→ Try it: Retype the listing below exactly, pictures removed.

→ Collected data:
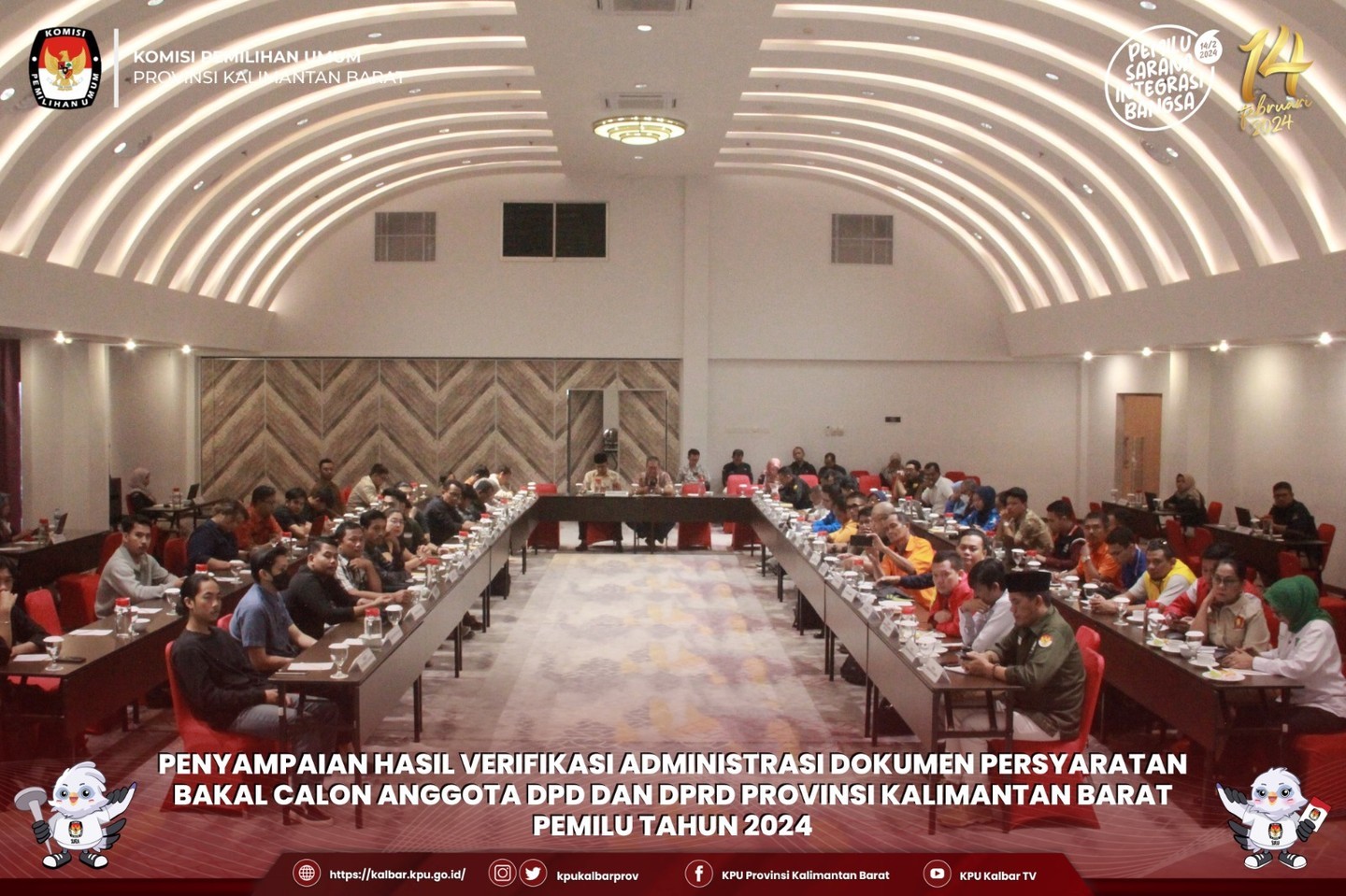 kalbar.kpu.go.id - Setelah melaksanakan seluruh kegiatan verifikasi administrasi (vermin) dokumen persyaratan bakal calon (balon) DPD dan DPRD Provinsi Kalbar berdasarkan jadwal dan tahapan, Sabtu(24/06) KPU Kalbar gelar kegiatan Penyampaian Hasil Verifikasi Administrasi Dokumen Persyaratan Bakal Calon Anggota DPD dan DPRD Provinsi Kalimantan Barat Pemilu Tahun 2024, bertempat di Hotel Mercure Pontianak.
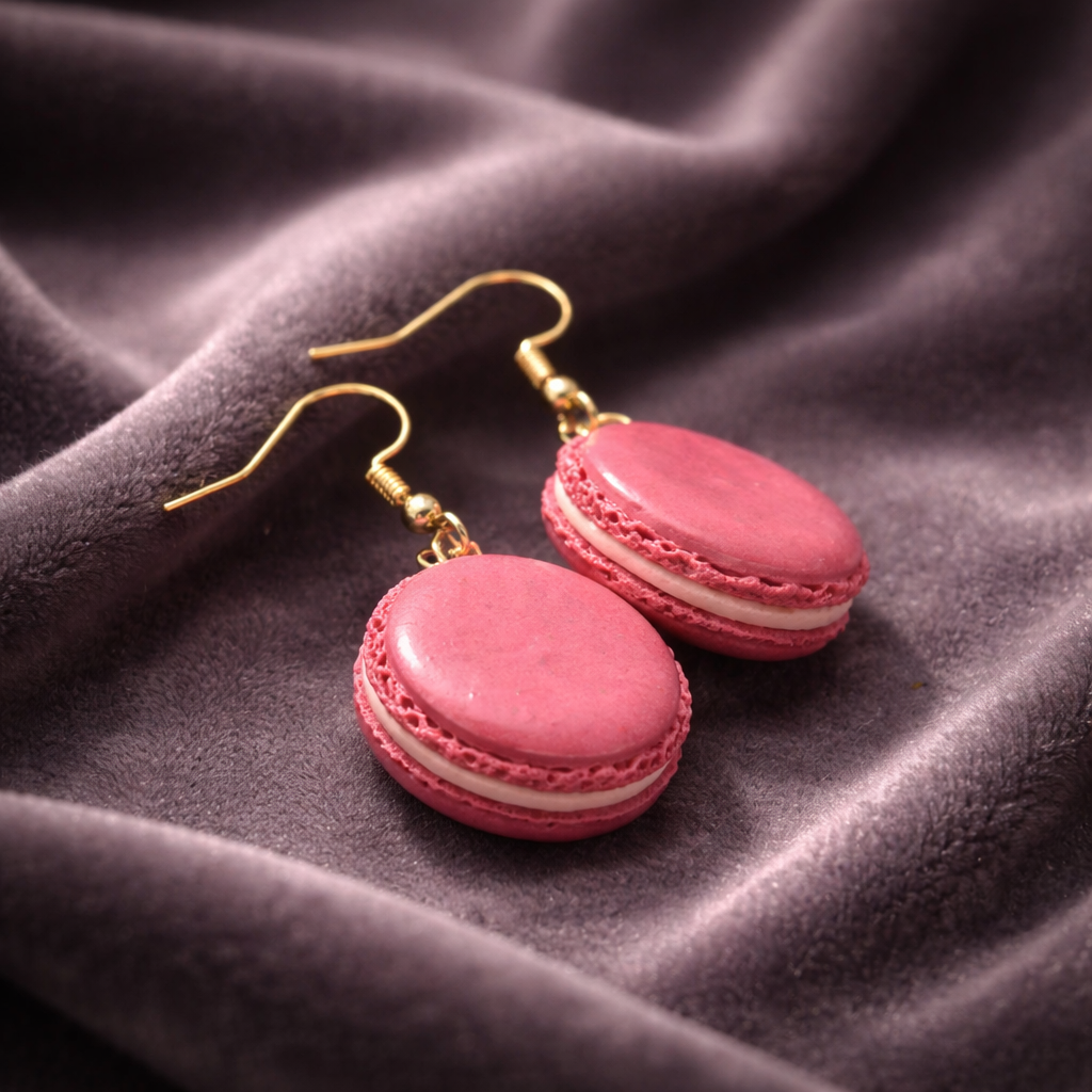 These handmade polymer clay earrings look like tiny pink macarons with a creamy filling and shiny gold-tone hooks. A fun, giftable pick for bakers, foodies, and anyone who loves cute accessories.
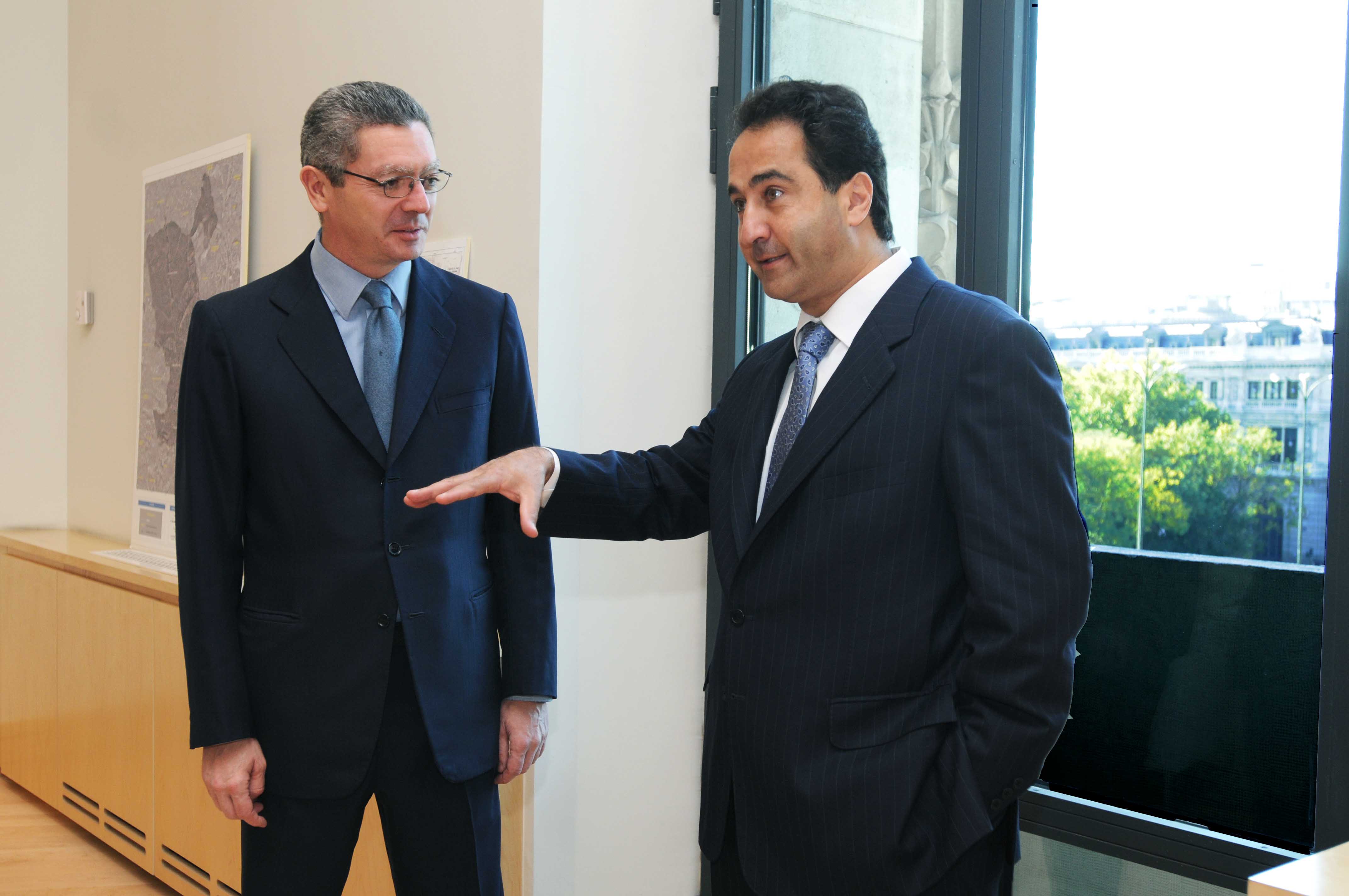 Los acaldes de Madrid y Santiago de Chile, Alberto Ruiz-Gallardón y Pablo Zalaquett, durante el encuentro que han mantenido hoy en el Palacio de Cibeles
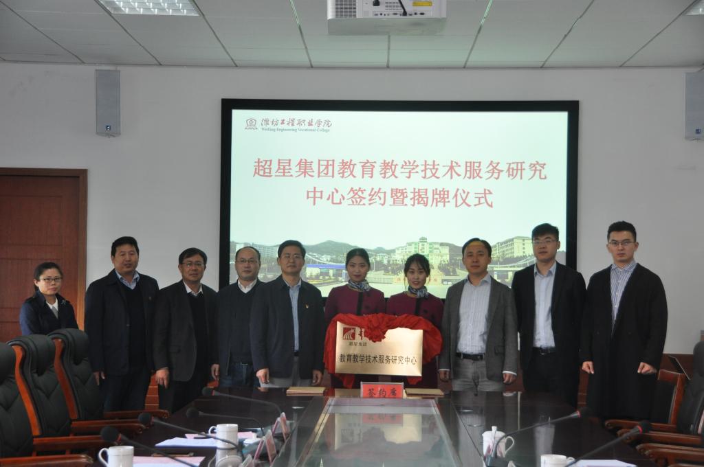 11月4日上午,我院与超星集团合作共建的教育教学技术服务研究中心签约暨揭牌仪式在图书馆220会议室隆重举行。超星集团总经理史强、超星集团山东区域经理魏玉超、山东区域经理王亚然、超星职业研究院副院长耿浩浩,潍坊工程职业学院副院长王守庆、党政办公室、教务处、科研产业处主要负责人出席了揭牌仪式。

→ Task solution:
 kalbar.kpu.go.id - Setelah melaksanakan seluruh kegiatan verifikasi administrasi (vermin) dokumen persyaratan bakal calon (balon) DPD dan DPRD Provinsi Kalbar berdasarkan jadwal dan tahapan, Sabtu(24/06) KPU Kalbar gelar kegiatan Penyampaian Hasil Verifikasi Administrasi Dokumen Persyaratan Bakal Calon Anggota DPD dan DPRD Provinsi Kalimantan Barat Pemilu Tahun 2024, bertempat di Hotel Mercure Pontianak.
 These handmade polymer clay earrings look like tiny pink macarons with a creamy filling and shiny gold-tone hooks. A fun, giftable pick for bakers, foodies, and anyone who loves cute accessories.
 Los acaldes de Madrid y Santiago de Chile, Alberto Ruiz-Gallardón y Pablo Zalaquett, durante el encuentro que han mantenido hoy en el Palacio de Cibeles
 11月4日上午,我院与超星集团合作共建的教育教学技术服务研究中心签约暨揭牌仪式在图书馆220会议室隆重举行。超星集团总经理史强、超星集团山东区域经理魏玉超、山东区域经理王亚然、超星职业研究院副院长耿浩浩,潍坊工程职业学院副院长王守庆、党政办公室、教务处、科研产业处主要负责人出席了揭牌仪式。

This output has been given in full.